▶ **Record extracts**:
====================

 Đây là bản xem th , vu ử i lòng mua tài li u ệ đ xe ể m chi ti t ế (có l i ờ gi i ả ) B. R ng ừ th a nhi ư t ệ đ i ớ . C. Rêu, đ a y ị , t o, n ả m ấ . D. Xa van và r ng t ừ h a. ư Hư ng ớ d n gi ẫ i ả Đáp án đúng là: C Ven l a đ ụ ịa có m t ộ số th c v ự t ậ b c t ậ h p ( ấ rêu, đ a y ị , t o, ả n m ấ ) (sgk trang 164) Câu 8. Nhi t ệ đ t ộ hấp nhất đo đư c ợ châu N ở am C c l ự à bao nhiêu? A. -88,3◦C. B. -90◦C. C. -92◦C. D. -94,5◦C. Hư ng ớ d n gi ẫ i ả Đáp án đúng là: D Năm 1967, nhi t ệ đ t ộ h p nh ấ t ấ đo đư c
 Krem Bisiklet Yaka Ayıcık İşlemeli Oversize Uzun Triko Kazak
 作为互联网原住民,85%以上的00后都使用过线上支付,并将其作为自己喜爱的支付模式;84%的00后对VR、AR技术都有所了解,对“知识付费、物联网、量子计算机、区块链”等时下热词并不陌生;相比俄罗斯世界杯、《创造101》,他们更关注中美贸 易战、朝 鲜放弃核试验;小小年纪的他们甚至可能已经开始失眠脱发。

====================

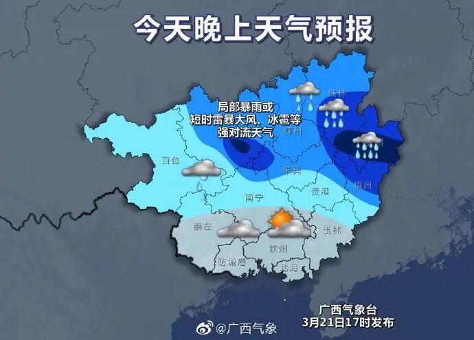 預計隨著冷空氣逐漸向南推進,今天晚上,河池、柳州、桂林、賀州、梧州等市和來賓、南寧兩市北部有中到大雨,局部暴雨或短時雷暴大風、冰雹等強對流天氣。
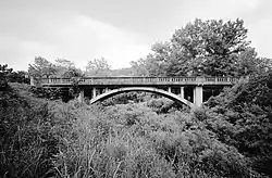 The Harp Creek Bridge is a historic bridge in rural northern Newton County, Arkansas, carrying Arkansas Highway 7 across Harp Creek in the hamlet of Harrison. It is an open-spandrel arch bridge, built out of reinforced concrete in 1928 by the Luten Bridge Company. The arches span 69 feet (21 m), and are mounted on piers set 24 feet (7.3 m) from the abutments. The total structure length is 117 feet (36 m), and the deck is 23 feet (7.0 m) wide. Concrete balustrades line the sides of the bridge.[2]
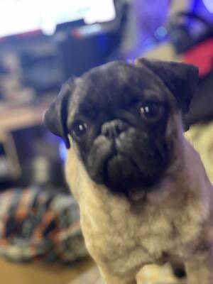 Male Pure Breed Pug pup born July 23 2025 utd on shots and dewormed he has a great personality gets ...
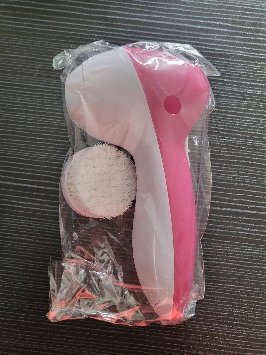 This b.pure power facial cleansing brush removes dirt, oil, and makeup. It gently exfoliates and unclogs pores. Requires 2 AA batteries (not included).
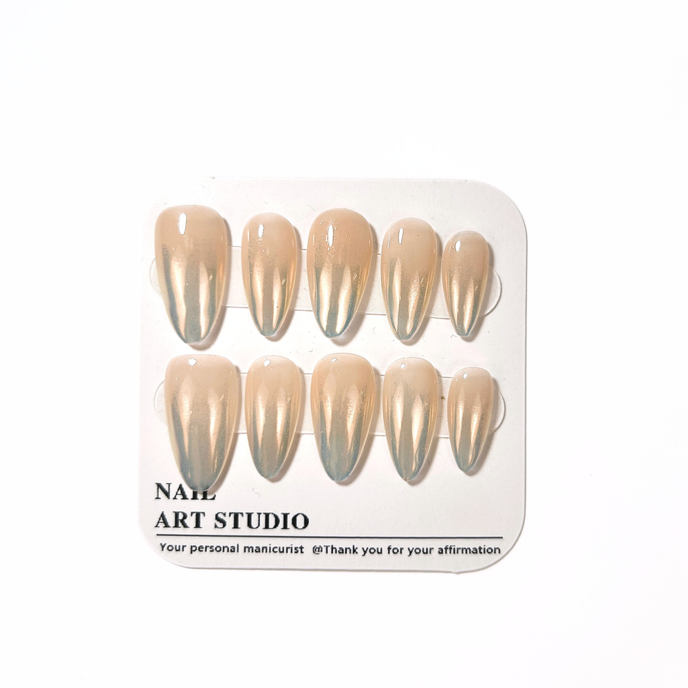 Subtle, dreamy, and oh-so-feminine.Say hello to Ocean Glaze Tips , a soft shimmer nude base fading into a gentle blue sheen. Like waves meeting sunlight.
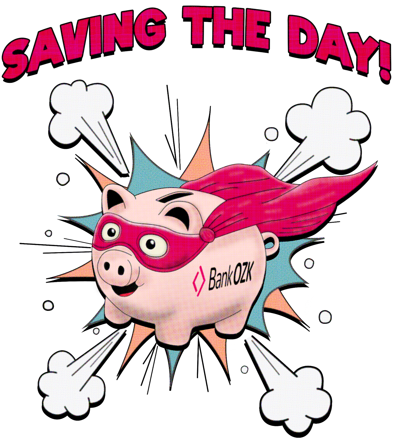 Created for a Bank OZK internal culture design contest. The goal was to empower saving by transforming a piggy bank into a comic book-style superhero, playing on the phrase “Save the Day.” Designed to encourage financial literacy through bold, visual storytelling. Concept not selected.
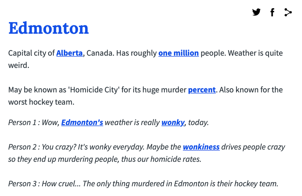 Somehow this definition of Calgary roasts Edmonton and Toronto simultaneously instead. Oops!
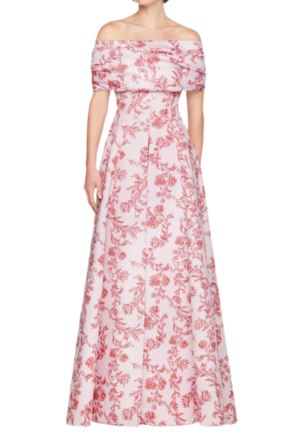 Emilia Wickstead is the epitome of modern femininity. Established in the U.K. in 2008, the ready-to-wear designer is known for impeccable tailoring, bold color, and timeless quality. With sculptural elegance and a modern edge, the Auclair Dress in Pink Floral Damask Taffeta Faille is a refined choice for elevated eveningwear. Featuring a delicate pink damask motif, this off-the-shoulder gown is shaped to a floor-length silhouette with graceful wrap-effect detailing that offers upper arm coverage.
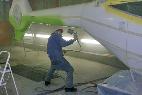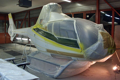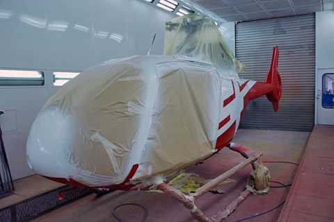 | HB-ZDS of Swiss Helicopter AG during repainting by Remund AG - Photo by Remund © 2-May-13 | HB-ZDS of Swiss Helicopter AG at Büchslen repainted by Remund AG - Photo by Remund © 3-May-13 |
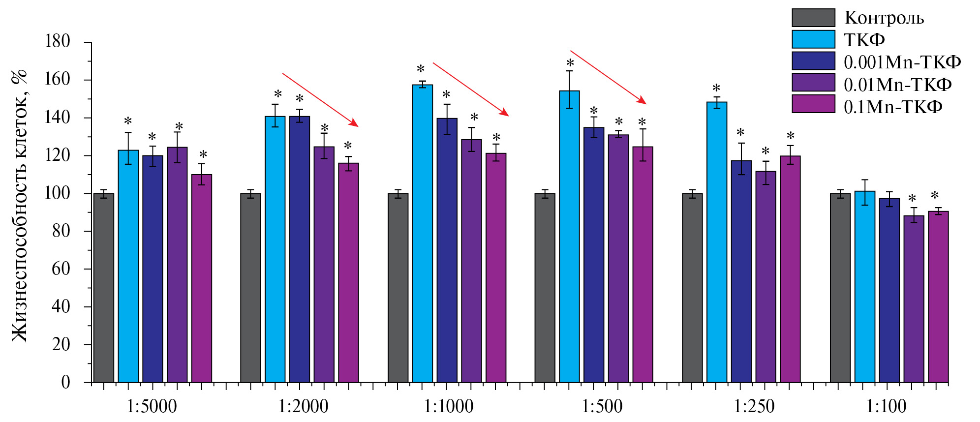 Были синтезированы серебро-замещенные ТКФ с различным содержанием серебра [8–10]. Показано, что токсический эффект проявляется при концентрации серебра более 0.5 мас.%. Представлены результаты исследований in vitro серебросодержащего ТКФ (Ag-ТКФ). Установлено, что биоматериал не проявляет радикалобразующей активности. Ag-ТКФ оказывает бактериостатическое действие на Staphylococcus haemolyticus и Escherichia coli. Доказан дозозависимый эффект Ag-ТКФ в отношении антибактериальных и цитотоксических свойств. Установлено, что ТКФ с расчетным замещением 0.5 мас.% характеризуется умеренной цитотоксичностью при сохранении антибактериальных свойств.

====================

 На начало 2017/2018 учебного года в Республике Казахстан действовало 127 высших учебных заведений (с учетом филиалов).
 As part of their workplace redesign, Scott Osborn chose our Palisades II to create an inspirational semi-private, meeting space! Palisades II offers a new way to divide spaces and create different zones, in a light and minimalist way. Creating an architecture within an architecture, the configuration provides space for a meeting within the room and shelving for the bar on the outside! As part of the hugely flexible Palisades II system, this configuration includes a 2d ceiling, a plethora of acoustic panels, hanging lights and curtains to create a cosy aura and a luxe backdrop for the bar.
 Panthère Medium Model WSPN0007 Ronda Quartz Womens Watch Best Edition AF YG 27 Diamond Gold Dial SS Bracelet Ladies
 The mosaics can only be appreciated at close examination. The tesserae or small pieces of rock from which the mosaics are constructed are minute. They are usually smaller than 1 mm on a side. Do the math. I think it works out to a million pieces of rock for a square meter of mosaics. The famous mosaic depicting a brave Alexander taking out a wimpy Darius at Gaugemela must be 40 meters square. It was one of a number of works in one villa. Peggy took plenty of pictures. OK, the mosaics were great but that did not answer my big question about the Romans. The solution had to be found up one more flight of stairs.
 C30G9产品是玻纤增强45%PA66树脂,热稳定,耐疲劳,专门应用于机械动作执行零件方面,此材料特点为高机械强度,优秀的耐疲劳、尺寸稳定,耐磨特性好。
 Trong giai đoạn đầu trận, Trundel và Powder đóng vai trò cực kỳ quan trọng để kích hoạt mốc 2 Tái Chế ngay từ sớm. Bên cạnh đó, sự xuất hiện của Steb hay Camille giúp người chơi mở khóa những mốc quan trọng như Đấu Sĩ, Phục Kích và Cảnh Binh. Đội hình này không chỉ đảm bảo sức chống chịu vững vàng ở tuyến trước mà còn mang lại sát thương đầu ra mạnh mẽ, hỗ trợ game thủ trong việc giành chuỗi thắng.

====================

▶ **What is required**: In the listing above, find the line containing "This b.pure power" and the line containing "Somehow this definition", then return both of them and every line between, exactly, without pictures.

▶ **Result for this task**:
 This b.pure power facial cleansing brush removes dirt, oil, and makeup. It gently exfoliates and unclogs pores. Requires 2 AA batteries (not included).
 Subtle, dreamy, and oh-so-feminine.Say hello to Ocean Glaze Tips , a soft shimmer nude base fading into a gentle blue sheen. Like waves meeting sunlight.
 Created for a Bank OZK internal culture design contest. The goal was to empower saving by transforming a piggy bank into a comic book-style superhero, playing on the phrase “Save the Day.” Designed to encourage financial literacy through bold, visual storytelling. Concept not selected.
 Somehow this definition of Calgary roasts Edmonton and Toronto simultaneously instead. Oops!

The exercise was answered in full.